The Republic of Ireland (also called Ireland or Eire) occupies 5/6th of the island of Ireland Northern Ireland occupies 1/6th of the island and is a part of the United Kingdom. Capital(s) Republic of Ireland: Dublin. Northern Ireland: Belfast Official languages: English and Gaelic. Size: The Republic of Ireland covers 27,135 square miles (70,280 sq km). Population: The population of Ireland is about 3,689,000 (as of 2000). Climate: Ireland has a cool, often-cloudy climate.

Flag of Ireland The Republic of Ireland's flag is tricolor, and is made of three equal-sized rectangles of orange, white, and green. The flag is twice as wide as it is tall. The green side is by the flagpole. This flag was first used in 1848. Colors in the flag represent the native population and religious beliefs in Ireland. Green: Signifies the native people of Ireland (most of whom are Roman Catholic). Orange: Represents the British supporters of William of Orange who settled in Northern Ireland in the 17th century (most of whom are Protestant).
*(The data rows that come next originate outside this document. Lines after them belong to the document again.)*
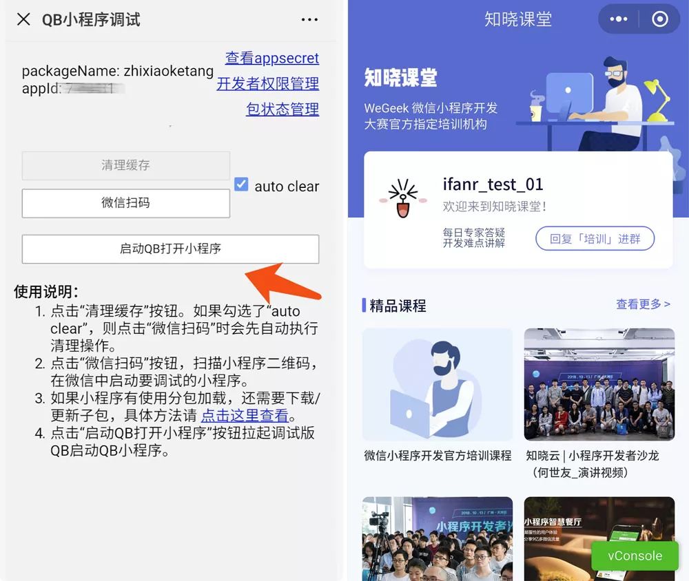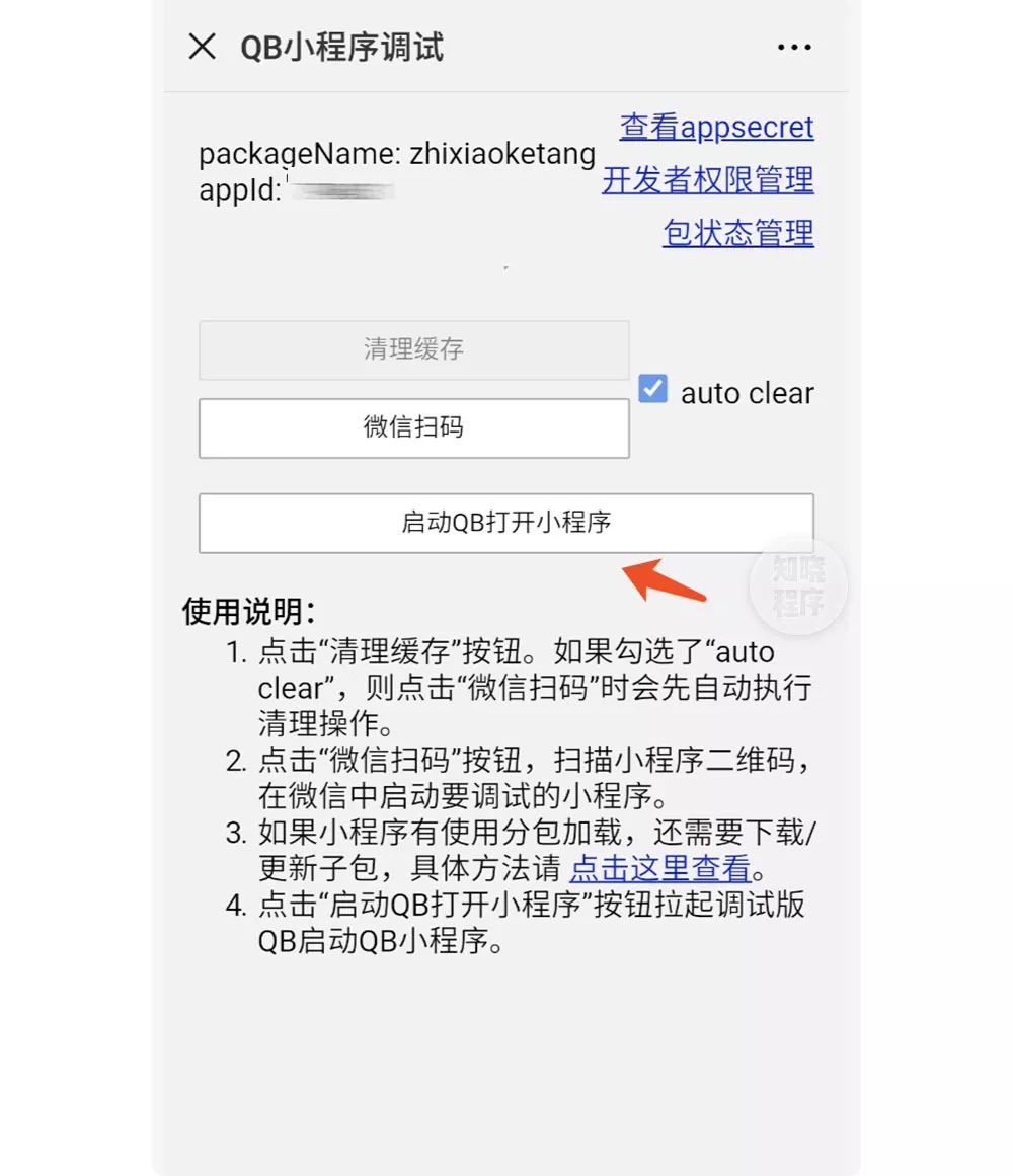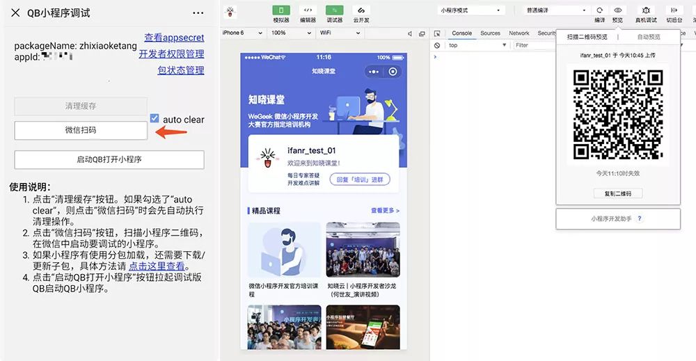 1. 使用微信扫描二维码进入 QB 小程序调试页面。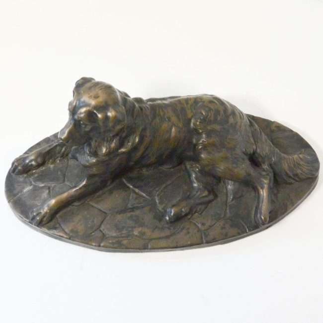 The detailing on this bronze dog is extraordinary. In this full-body stretched-out pose, with his head held high and straight, he is a portrait of an easy-going personality and awesome intelligence.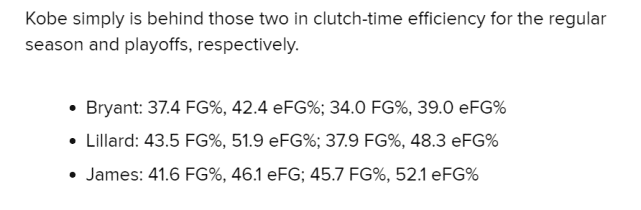 科比只排在第三?B/R调侃说肯定很多人要抱怨这份排名很垃圾:让数据来说话吧。最近,詹姆斯在关键时刻进球数上超越科比(133个),而科比在季后赛关键时段的进球数(17个)和杜兰特并列第二。科比在关键时刻的进球数方面没问题,但他在命中率方面落后于詹姆斯和利拉德。科比常规赛关键时段的命中率是37.4%,有效命中率是42.4%;季后赛关键时段的命中率是34%,有效命中率是39%。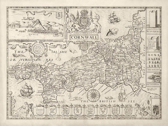 Many of the towns, villages and cities in Cornwall are already visible in this map. Curiously, an inset engraving in the top left of Launceston suggests that this town was the capital of Cornwall back then. Cornwall itself has a different shape, too - we now know that the southwest peninsula is a lot further south.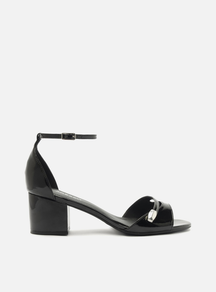 Sandália Preta Salto Médio Bloco
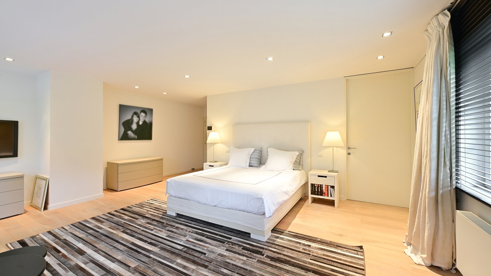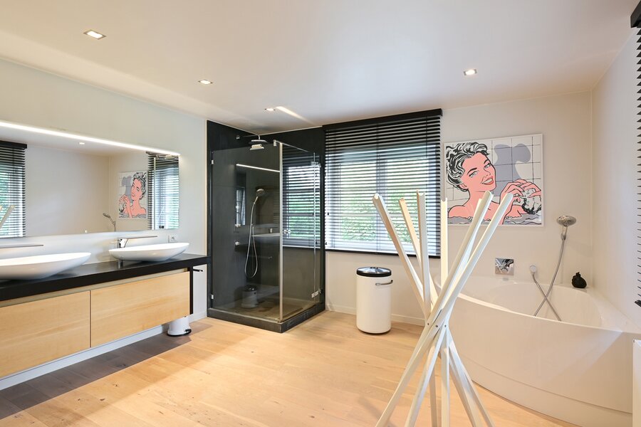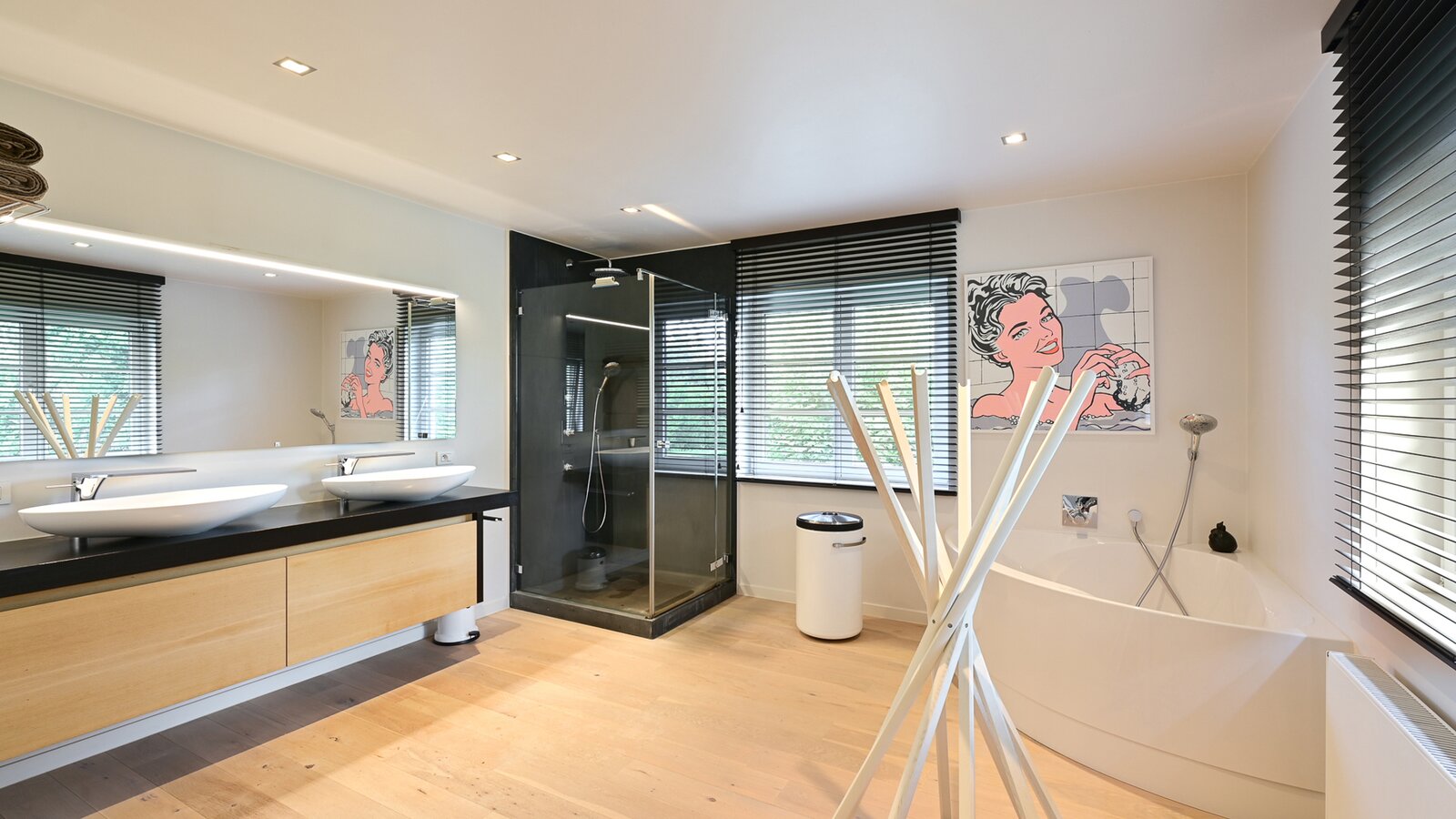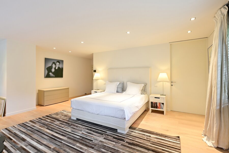 Op de 1e verdieping bevindt zich de hoofdslaapkamer met volledig uitgeruste badkamer (inloopdouche, ligbad, dubbele lavabo en apart toilet). De hoofdslaapkamer beschikt tevens over een eigen dressing. Tweede en derde slaapkamer, elk voorzien van een douchekamer (douche en lavabo) en uitgevend op aangenaam terras met zicht op de tuin. Vierde volwaardige slaapkamer, voorzien van een privatieve badkamer (ligbad met douche-element en lavabo en apart toilet).

White: White occupies the center of the flag and signifies peace between these two groups of people.

Irish Provinces: Commonly known as the Four Green Fields of Ireland. Irelands 4 provinces. Connacht is the north-western province of Ireland, comprising the counties of Galway, Mayo, Sligo, Leitrim and Roscommon. Leinster is the eastern province of Ireland, comprising the counties of Louth, Meath, Dublin, Wicklow, Wexford, Kilkenny, Carlow, Laois, Offaly, Kildare, Westmeath and Longford. Munster is the southernmost province of Ireland, comprising the counties of Claire, Cork, Kerry, Limerick, Tipperrary, and Waterford. Ulster forms one of the historical provinces of Ireland. Six of its Nine counties Antrim, Armagh, Derry, Down, Fermanagh, and Tyrone, are known together as Northern Ireland. Three counties Cavan, Donegal, and Monaghan, are part of the Republic of Ireland.

Irish Identifiable:

Claddagh: The Friendship, Lovea and Loyalty Symbol or Ireland The Claddagh design is said to originate from the Galway Area, and the Aran Islands. The Claddagh ring was originally worn by men, but later used as a Marriage Ring for Men and Women. The symbol is comprised of 2 hands, a heart and a crown. The hands symbolize the 2 parties involved. The heart is the seat of affection or love. And the crown perfection. So, a perfect union of love between 2 parties. Common word translations to the Claddagh are: Friendship (hands), Love (heart) and Loyalty (crown).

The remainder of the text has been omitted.